Dear all, I'm analyzing data from TruSeq Custom Amplicon 1.5 panel.
I've read much about handling sequences linked to the original region of interest and finally got confused so any help would be highly appreciated. Maybe I'm missing something really basic here. For example, I'm not sure which sequences comprise a read aside from the insert (=targeted region) itself and flanking target-specific primers.
Illumina says that "Adapter trimming is not required for TruSeq Targeted RNA Expression, TruSeq Custom Amplicon, and TruSeq Cancer Panel when using Illumina analysis pipelines". Is it the case? Here they claim that "Each probe contains unique, target-specific sequence as well as a universal adapter sequence that is used in a subsequent amplification reaction". The aformentioned target-specific sequence is an upstream or downstream locus-specific oligo (ULSO/DLSO). Here they give only the index sequences for TSCA, no universal adapter sequence.
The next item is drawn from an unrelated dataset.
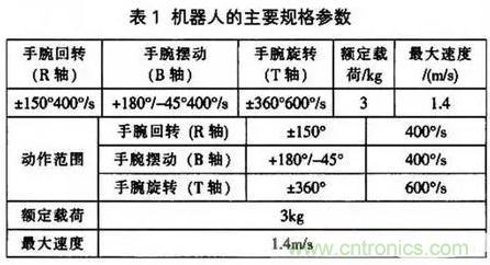 確定了空間結構和手腕結構後,可確定手腕回轉、手腕擺動及手腕旋轉三個姿態的自由度。其參數見表l (參數來於SSA2000工業機器人)。

Please have a look at the image attached.
MultiQC plot for adapter content
This is an example MultiQC plot for adapter content, FastQC claims that it is the Illumina universal adapter (based on finding of AGATCGGAAGAG sequence, as far as I understood from FastQC's documentation). I've used zcat LK_S2_L001_R2_001.fastq.gz | grep AGATCGGAAGAG
and noticed that this sequence is a part of a longer pattern. zcat LK_S2_L001_R2_001.fastq.gz | grep -c AGATCGGAAGAGCGTCGTGTAGGGAAAGAGTGTAAGG
returned 8863 (while zcat LK_S2_L001_R2_001.fastq.gz | grep -c AGATCGGAAGAG
returned 11079).
How should I handle it? They say that "if you use BWA-MEM, the trailing (5’) bases of a read that do not match the reference are soft-clipped, which covers those cases in which an adapter does occur". Yet Heng Li says: "...Bwa-mem will just soft clip them[adapter sequences]... However, it is still recommended to trim adapter sequences. After all, adapters are not part of the samples you are sequencing. They might affect variant calling in corner cases".
Also, I've read that you should get rid of ULSO and DLSO sequences. What is the typical approach here? I know that BAMclipper can do this after alignment.
To sum up, I'm trying to figure out (for TruSeq Custom Amplicon 1.5): - what sequences to trim, - when to trim them, - which tool to use.
How do you clean TruSeq Custom Amplicon data in terms of getting rid of extraneous sequences? I'm stuck. Please be merciful and sorry for the chaotic question!
Yet another reason to not trust what Illumina says. They create good sequencing machines (though recently, each iteration has been worse) but their software is terrible, and in general, given that their latest sequencers no longer report quality scores correctly, I'm not entirely sure they have anyone in charge of their products that understands their users.
Mapping will always be more accurate if adapter sequences are removed first.
Yes, you should trim primer sequences. Those are not true "observations" of your individuals, you may introduce artefacts in rare cases.
I haven't tried it myself, but I think https://github.com/tommyau/bamclipper does the job.
If your amplicon panel does not have any overlapping amplicons, removing primer or not depends on whether you expect and tolerate missing "rare cases", e.g. SNV or INDEL near gene-specific primers. It depends on the genes of interest and the panel design in the context of variant types and location. In our case, mutations could be anywhere and any type: we came across with a clinical case of BRCA1 deletion that is close to the gene-specific primer. That INDEL could be missed only if gene-specific primer sequence is perfectly removed from FASTQ before BWA-MEM (https://www.nature.com/articles/s41598-017-01703-6/figures/2).
If there are overlapping amplicons in the panel, you should consider removing the gene-specific primers for the sake of accurate sequencing depth calculation and variant calling, no matter it is removed in FASTQ level or BAM level or variant calling algorithm level.
Yes, the amplicons are overlapping so I'll try to remove primers with BAMClipper. Thank you.
If ULSO and DLSO are upstream and downstream to the targeted sequence and I'm going to restrict variant calling using an intervals list, than do I need to trim the primers?
restricting with an interval list will still cause you to miss some real variants you could detect if you trim USLO/DLSO. See my IGV screenshots in this post.